To animate a letter within a word, run the following command:
```
CUDA_VISIBLE_DEVICES=0 python dynamicTypography.py \
        --word "<The Word>" \
        --optimized_letter "<The letter to be animated>" \
        --caption "<The prompt that describes the animation>" \
        --use_xformer --canonical --anneal \
        --use_perceptual_loss --use_conformal_loss \
        --use_transition_loss
```
For example:
```
CUDA_VISIBLE_DEVICES=0 python dynamicTypography.py \
        --word "HARMONY" \
        --optimized_letter "H" \
        --caption "Two men shaking hands with each other in a friendly manner" \
        --use_xformer --canonical --anneal \
        --use_perceptual_loss --use_conformal_loss \
        --use_transition_loss
```

The output animation will be saved to `videos`. The output includes the network's weights, SVG frame logs, and their rendered .mp4 files (under svg_logs and mp4_logs respectively).

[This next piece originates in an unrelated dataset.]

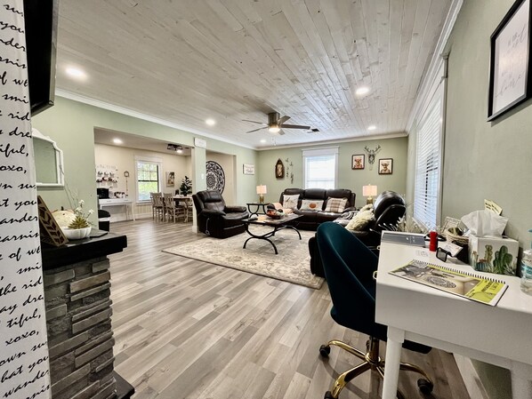 Unwind at Four Boys Farm, a serene retreat nestled on 50+ acres just outside Brenham city limits. Enjoy the peaceful ambiance with a fire pit, fishing pond & hiking trail nearby and indulge in the fully equipped kitchen stocked with amenities like Keurig Duo and Waffle Maker.

We save both the in-context and the sole letter animation.
At the end of training, we output a high-quality gif render of the last iteration (HG_gif.gif). <br>

We provide many sample run scripts in `scripts`, the expected resulting gifs are in `example_gifs`. The sample result of the above `HARMONY` animation, including the intermediate results every 100 epochs, are stored in the `videos` folder.

## Tips:

By default, a 24-frame video will be generated, requiring about 28GB of VRAM. If there is not enough VRAM available, the number of frames can be reduced by using the `--num_frames` parameter.

If your animation remains the same with/deviates too much from the original letter's shape, please set a lower/higher `--perceptual_weight`.

If you want the animation to be less/more geometrically similar to the original letter, please set a lower/higher `--angles_w`.

If you want to further enforce appearance consistency between frames, please set a higher `--transition_weight`. But please keep in mind that this will reduce the motion amplitude.

Small visual artifacts can often be fixed by changing the `--seed`.